DIRECTIONS FOR THIS TASK:
Leaving the images behind, copy every line of the records exactly.

(Items from a data source)
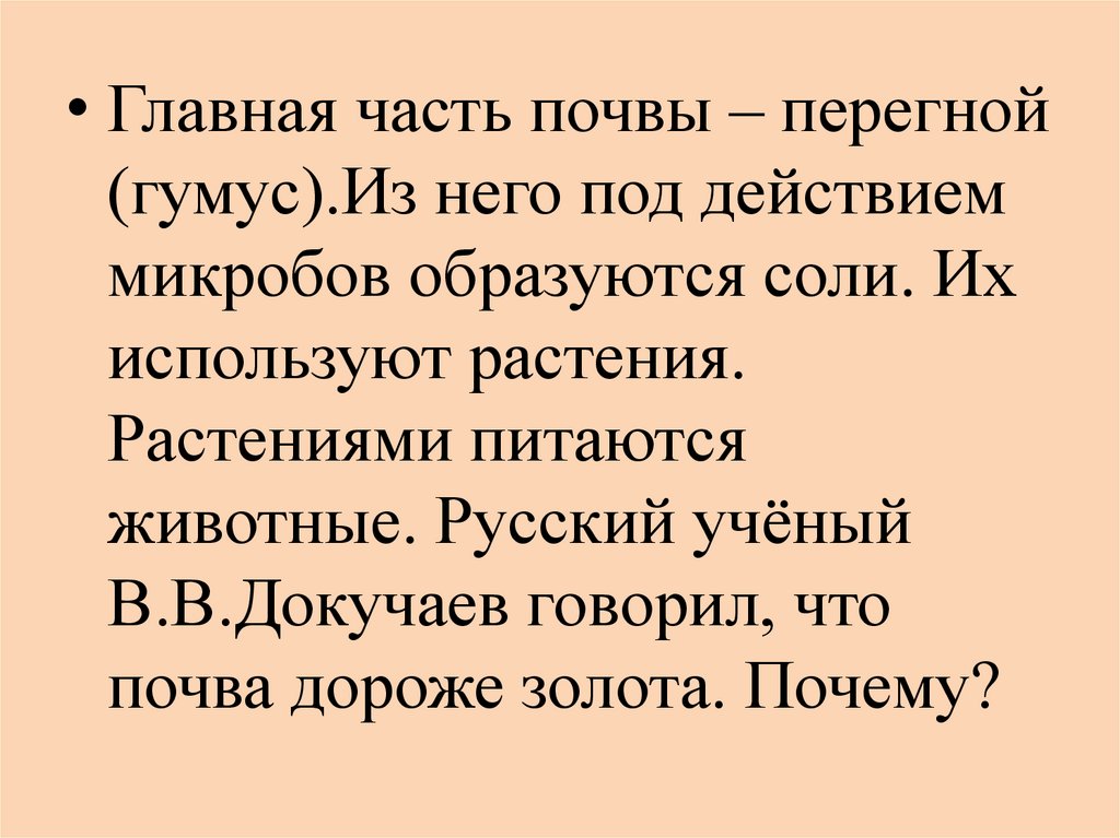 • Главная часть почвы – перегной(гумус).Из него под действием
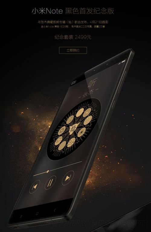 4月15日,小米联合张杰发布了小米Note黑色纪念版,售价2499元,内容包括:黑色版小米Note+张杰首发CD及140页写真+纯手工皮纹音乐礼盒。
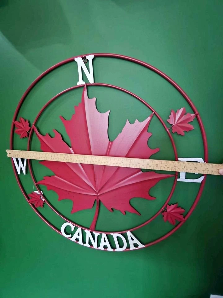 Perfect for hanging indoors or out, this beautiful piece of metal wall art featuring the maple leaf and the word CANADA emblazoned across the bottom of the compass circle.
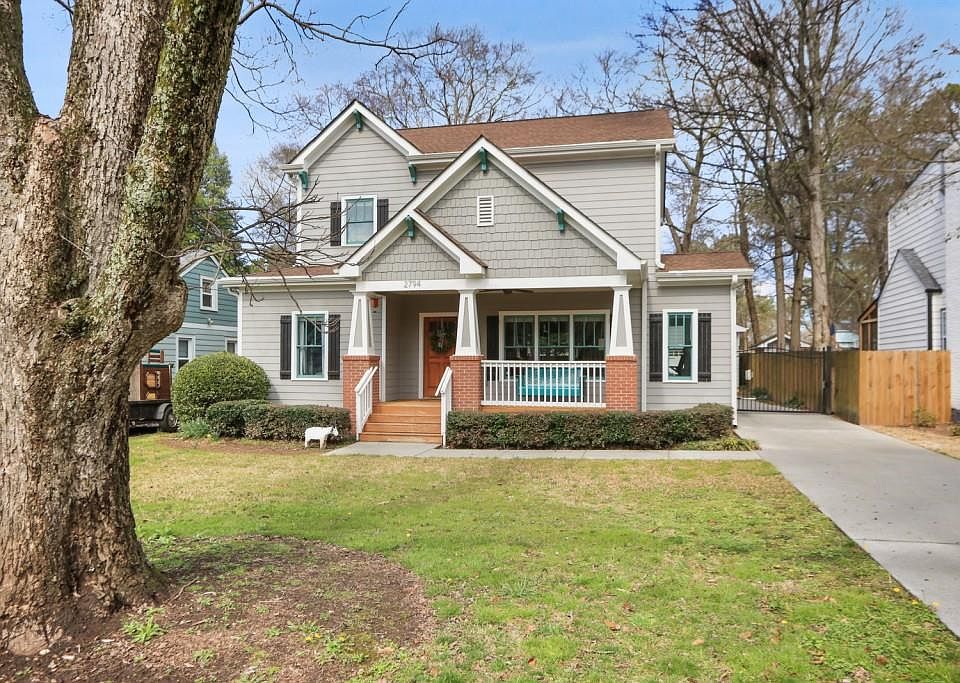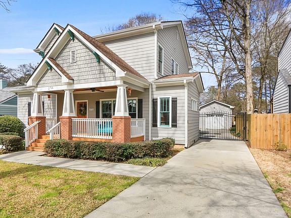 Located only 3/4 of a mile from Oakhurst Village, this East Lake Craftsman-inspired home has all of today's modern upgrades that buyers expect. From the moment you enter the home you are greeted with a charming covered front porch, just perfect for enjoying the neighborhood. As you open the front door you are presented with an open floor concept with sitting area, fireplace and built in bookshelves. Beyond this room through the door is a private dedicated office area. The kitchen is the pride of this home with a huge kitchen island, an abundance of cabinets, including under the island, gleaming granite counters, tiled back splash, two farmhouse style hanging lights over the kitchen island, a huge pantry, mosaic tile backsplash, and glass display cabinets. Off the kitchen is the dining area with coffered detailed ceilings and wainscoting. There is a bedroom and full guest bathroom suite on the main level. The main level bathroom has tile to the ceiling and a charming accent tile in the tub/shower and fun wall paper gives a fun vibe in this bathroom. The entire first and second floors are hardwood floors throughout. There is a nice size dedicated laundry room at the top of the second floor next to the owner's suite. The owner's suite has tons of light, but the owner's shower showcases tile to the ceiling with double shower heads at each end! Pebble tile floor and mosaic accent tile. Spacious closet with built-ins that stay, separate tub. There is an additional guest bedroom with a dedicated bathroom. All bathrooms have granite counters. Back downstairs off the dining room/kitchen area is a covered back deck, which can easily be screened in. A detached garage, electronic gate and flat private fenced-in yard complete this home. Located in the priority district for Drew Charter school.
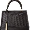 - Edith Day Medium Linen & Leather Satchel in natural linen canvas and white leather with gold-tone hardware, exterior pocket and wrapped handles
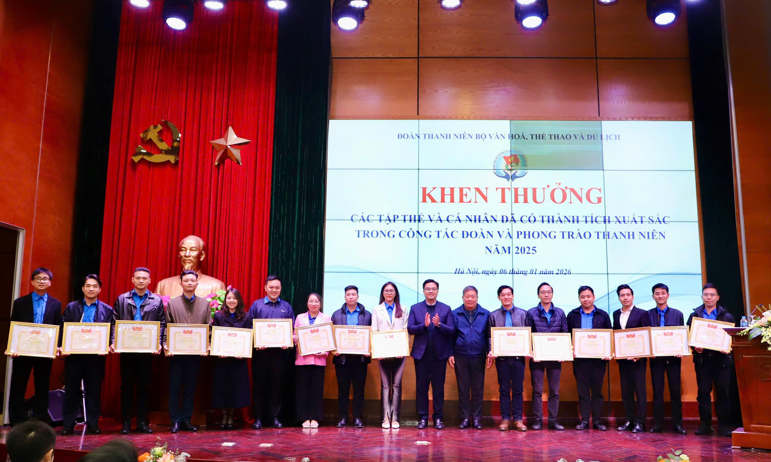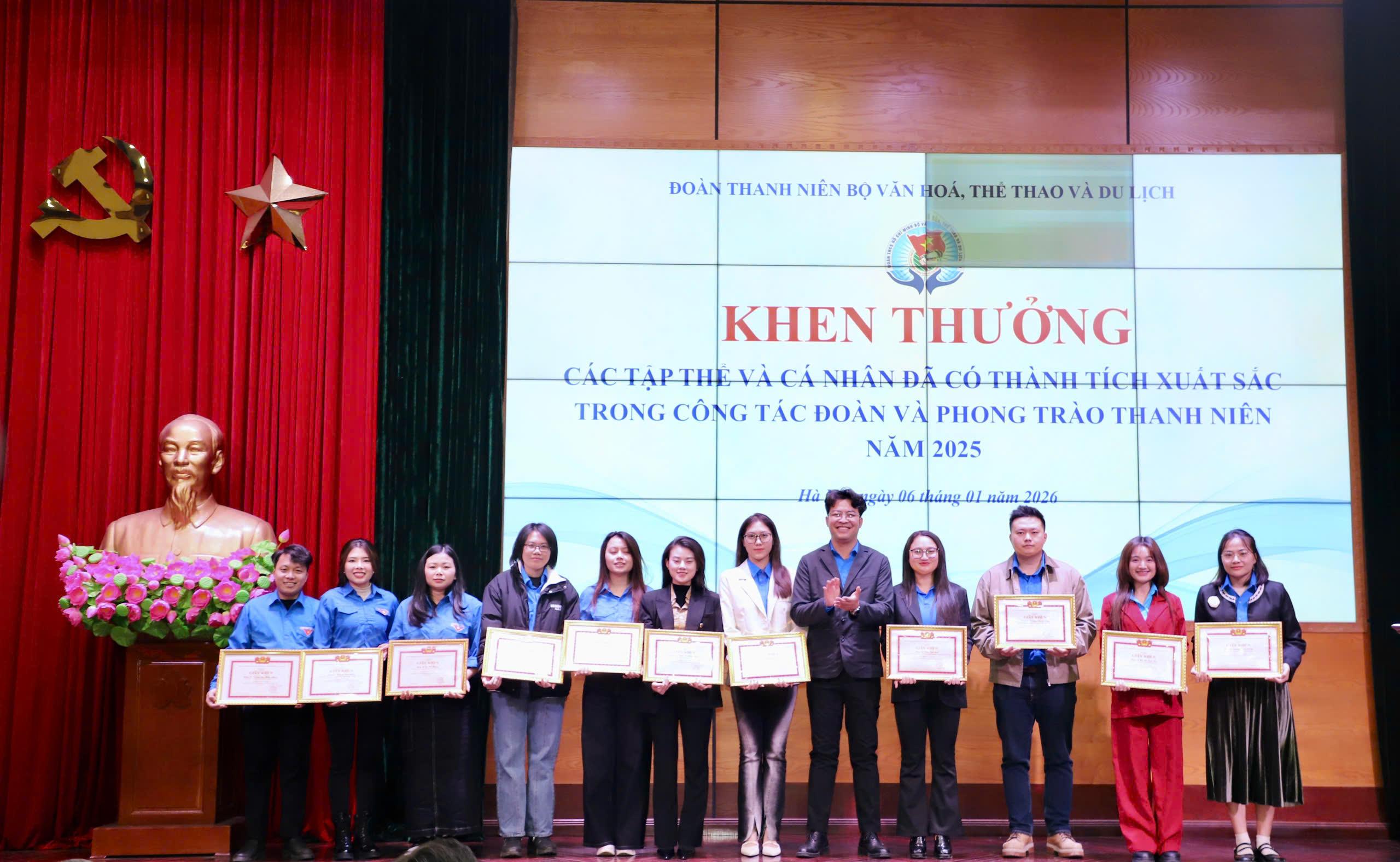 Với những đóng góp và nỗ lực của tập thể, Đoàn Thanh niên Bộ VHTTDL vinh dự là một trong 10 đơn vị được trao Cờ thi đua xuất sắc công tác Đoàn và phong trào thanh niên năm 2025 của Đoàn Thanh niên Chính phủ. Nhiều tập thể, cá nhân trực thuộc Đoàn Bộ cũng được khen thưởng vì có thành tích nổi bật trong năm./.

REPLY TO THE EXERCISE:
 • Главная часть почвы – перегной(гумус).Из него под действием
 4月15日,小米联合张杰发布了小米Note黑色纪念版,售价2499元,内容包括:黑色版小米Note+张杰首发CD及140页写真+纯手工皮纹音乐礼盒。
 Perfect for hanging indoors or out, this beautiful piece of metal wall art featuring the maple leaf and the word CANADA emblazoned across the bottom of the compass circle.
 Located only 3/4 of a mile from Oakhurst Village, this East Lake Craftsman-inspired home has all of today's modern upgrades that buyers expect. From the moment you enter the home you are greeted with a charming covered front porch, just perfect for enjoying the neighborhood. As you open the front door you are presented with an open floor concept with sitting area, fireplace and built in bookshelves. Beyond this room through the door is a private dedicated office area. The kitchen is the pride of this home with a huge kitchen island, an abundance of cabinets, including under the island, gleaming granite counters, tiled back splash, two farmhouse style hanging lights over the kitchen island, a huge pantry, mosaic tile backsplash, and glass display cabinets. Off the kitchen is the dining area with coffered detailed ceilings and wainscoting. There is a bedroom and full guest bathroom suite on the main level. The main level bathroom has tile to the ceiling and a charming accent tile in the tub/shower and fun wall paper gives a fun vibe in this bathroom. The entire first and second floors are hardwood floors throughout. There is a nice size dedicated laundry room at the top of the second floor next to the owner's suite. The owner's suite has tons of light, but the owner's shower showcases tile to the ceiling with double shower heads at each end! Pebble tile floor and mosaic accent tile. Spacious closet with built-ins that stay, separate tub. There is an additional guest bedroom with a dedicated bathroom. All bathrooms have granite counters. Back downstairs off the dining room/kitchen area is a covered back deck, which can easily be screened in. A detached garage, electronic gate and flat private fenced-in yard complete this home. Located in the priority district for Drew Charter school.
 - Edith Day Medium Linen & Leather Satchel in natural linen canvas and white leather with gold-tone hardware, exterior pocket and wrapped handles
 Với những đóng góp và nỗ lực của tập thể, Đoàn Thanh niên Bộ VHTTDL vinh dự là một trong 10 đơn vị được trao Cờ thi đua xuất sắc công tác Đoàn và phong trào thanh niên năm 2025 của Đoàn Thanh niên Chính phủ. Nhiều tập thể, cá nhân trực thuộc Đoàn Bộ cũng được khen thưởng vì có thành tích nổi bật trong năm./.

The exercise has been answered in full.